= DESCRIPTION OF THE TASK =
Beginning with the first line below, retype exactly each line through the one containing "Preciosa flor decorativa". Leave out all pictures.

Records excerpted from a collection:
-=-=-=-=-

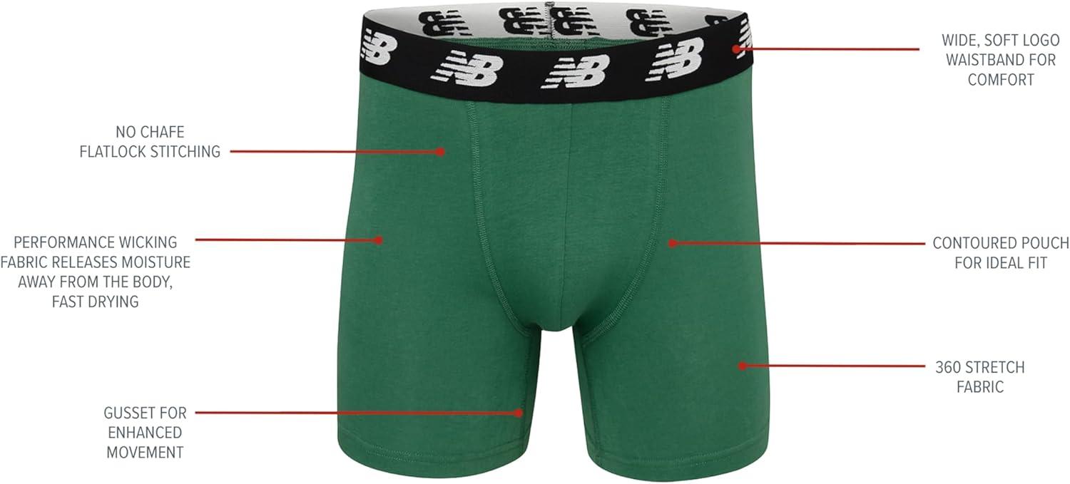 New Balance Men’s Velocity Cotton Breathable Lightweight No Fly Boxer Briefs Underwear (3 Pack)(Black/Black/Black/Black)
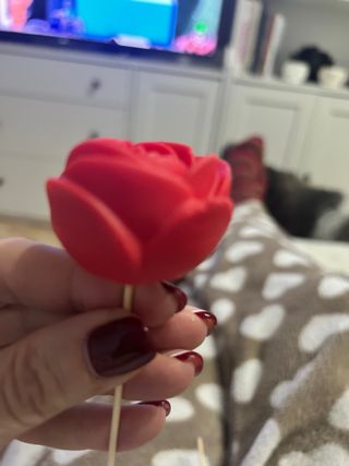 Preciosa flor decorativa hecha de cera. - Color rojo intenso. - Diseño delicado de rosa.
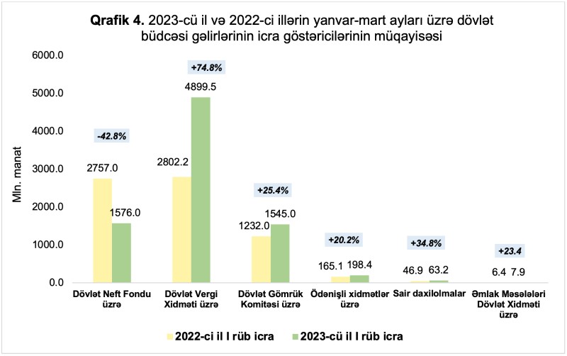 2023-cü ilin yanvar-mart ayları üzrə dövlət büdcəsinin gəlirləri 2022-ci ilin həmin dövrü ilə müqayisədə Dövlət Vergi Xidməti üzrə 2 milyard 97,3 milyon manat və ya 74,8 faiz çox, Dövlət Gömrük Komitəsi üzrə 313,0 milyon manat və ya 25,4 faiz çox, Əmlak Məsələləri Dövlət Xidməti üzrə 1,5 milyon manat və ya 23,4 faiz çox, büdcə təşkilatlarının ödənişli xidmətlərindən daxilolmalar üzrə 33,3 milyon manat və ya 20,2 faiz çox, sair daxilolmalar üzrə 16,3 milyon manat və ya 34,8 faiz çox, Dövlət Neft Fondudan transfert üzrə 1 milyard 181 milyon manat və ya 42,8 faiz az icra edilmişdir.
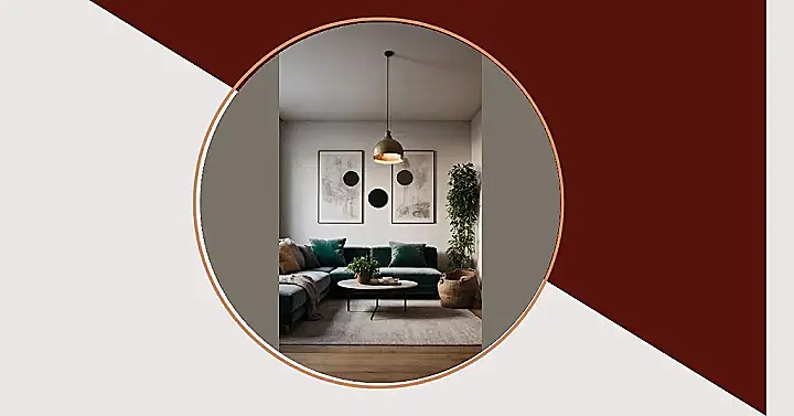 This living room is so minimalist, it’s practically begging you to trip over its stylish simplicity! Imagine: You walk in, and BAM! A gorgeous emerald green sofa dominates the space, like a sophisticated, leafy jungle creature relaxing after a long day. The artwork above is all moody greys and mysterious black circles – it’s like a secret code only cool people can decipher (and maybe some grade 9 art students!). It’s got that “I only own what I need” vibe, yet it still manages to look super comfy and cool. The single, elegant light fixture? Pure perfection.
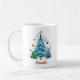 Festive folklor art Christmas trees monogram mug. Celebrate the magical and festive holiday season with this beautiful cute custom holiday mug design featuring a beautiful floral folkloric Christmas trees colourful design. Personalise this festive mug with a first name or other custom text. Makes a fun holiday gift for any girl, kids, grandchildren, family and friends!
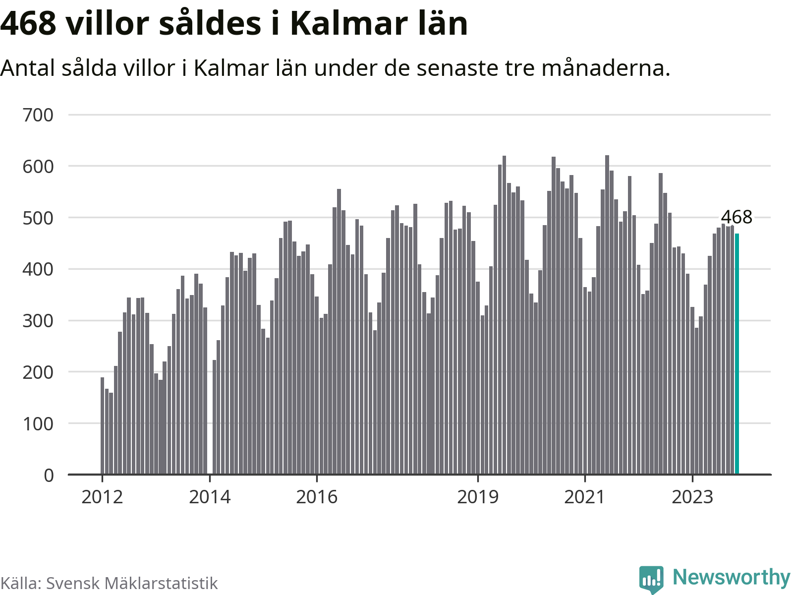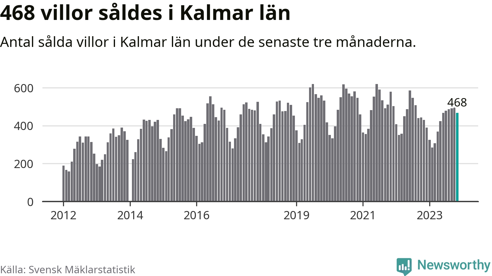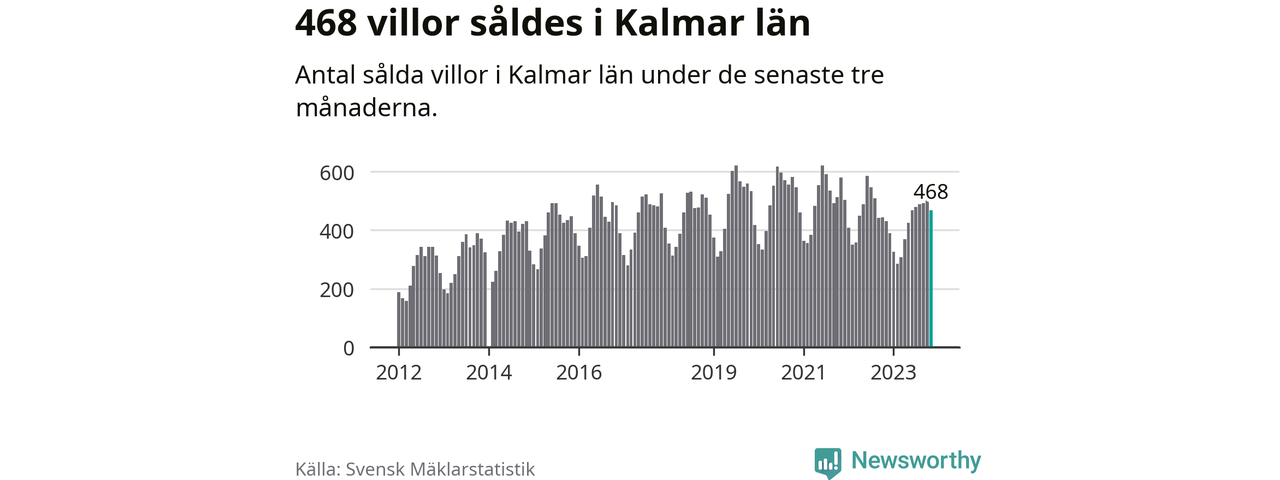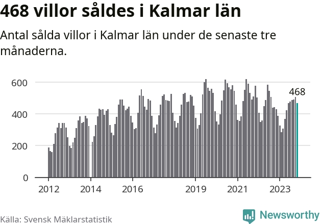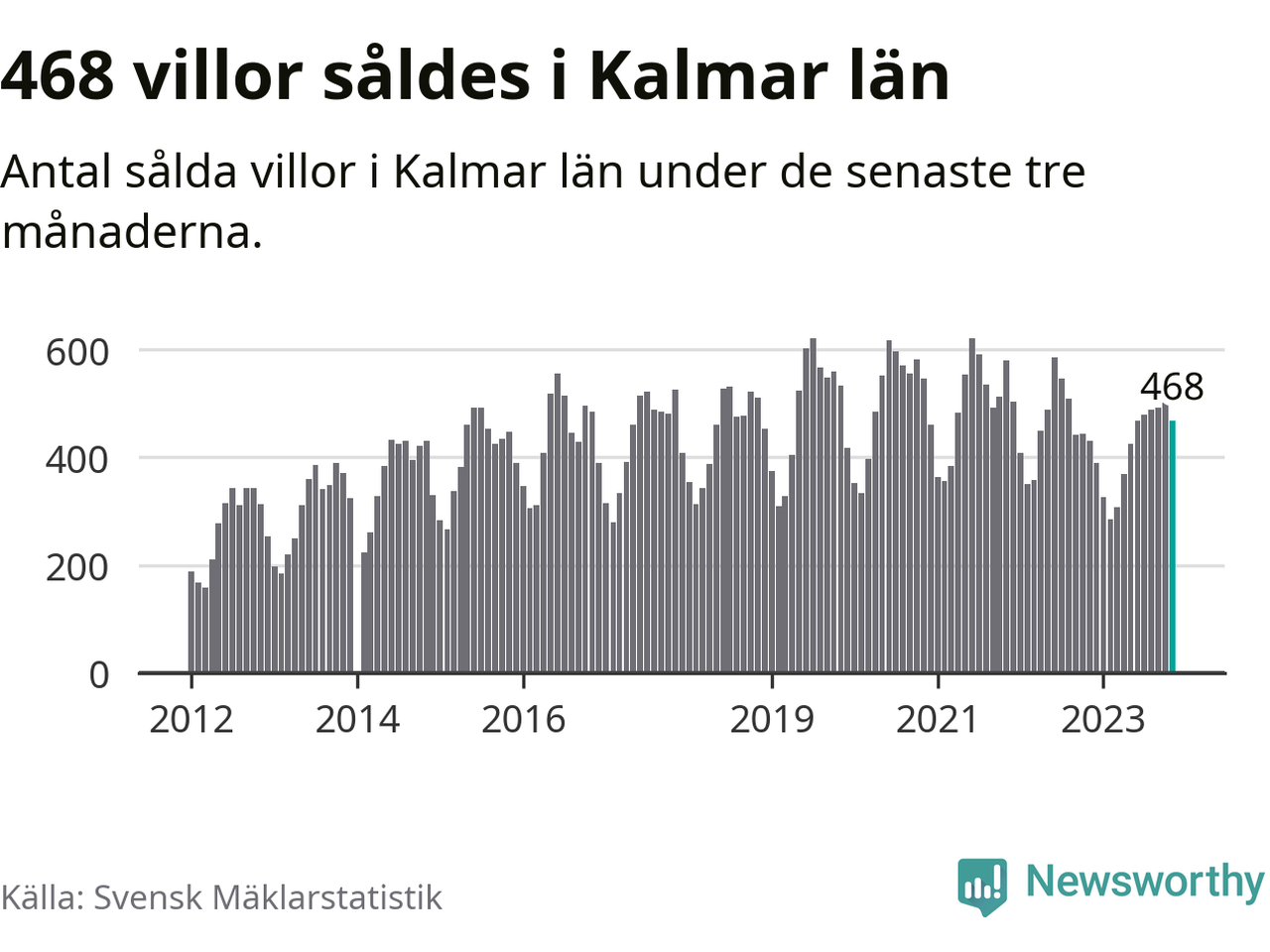 Sammanlagt såldes 468 villor i Kalmar län mellan september och november till ett genomsnittligt pris på 2,1 miljoner kronor. I fjol gjordes 430 affärer vid den här tiden på året.
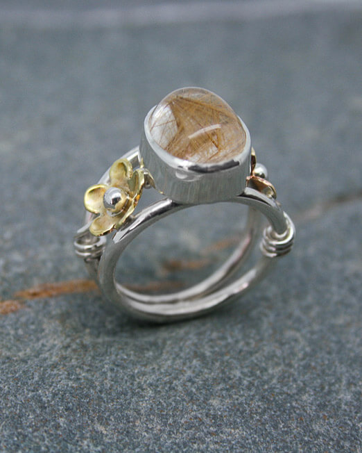 25th April 2016 522 x 652 Cabochon rutilated quartz silver ring with bronze and brass detail Starboard
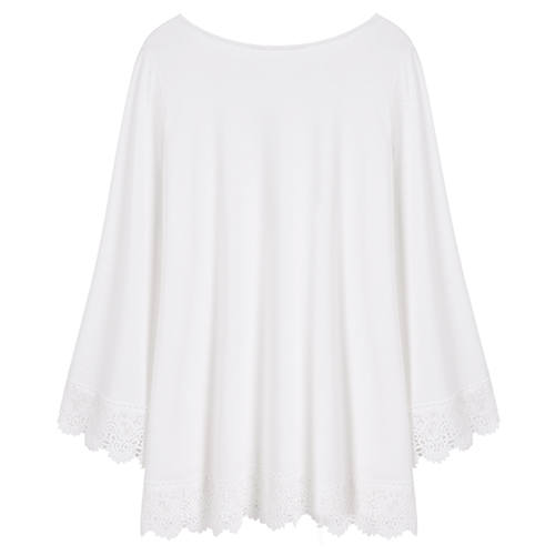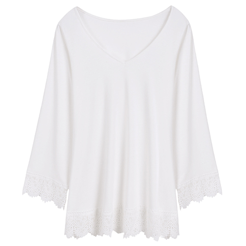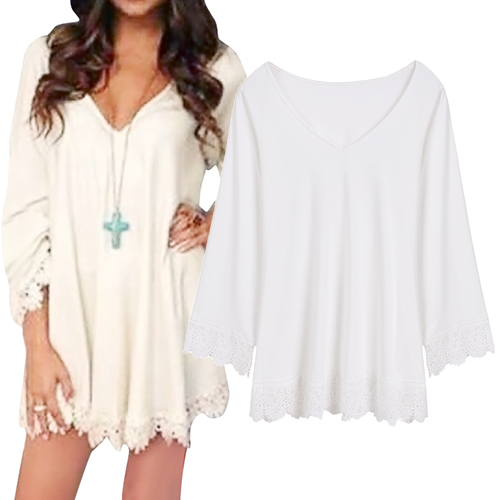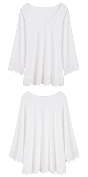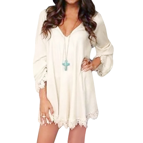 Sweet and charming,this dress features a solid color,with long sleeve,v-neck and lace spliced hem design.

-=-=-=-=-

= SOLUTION TO THIS TASK =
 New Balance Men’s Velocity Cotton Breathable Lightweight No Fly Boxer Briefs Underwear (3 Pack)(Black/Black/Black/Black)
 Preciosa flor decorativa hecha de cera. - Color rojo intenso. - Diseño delicado de rosa.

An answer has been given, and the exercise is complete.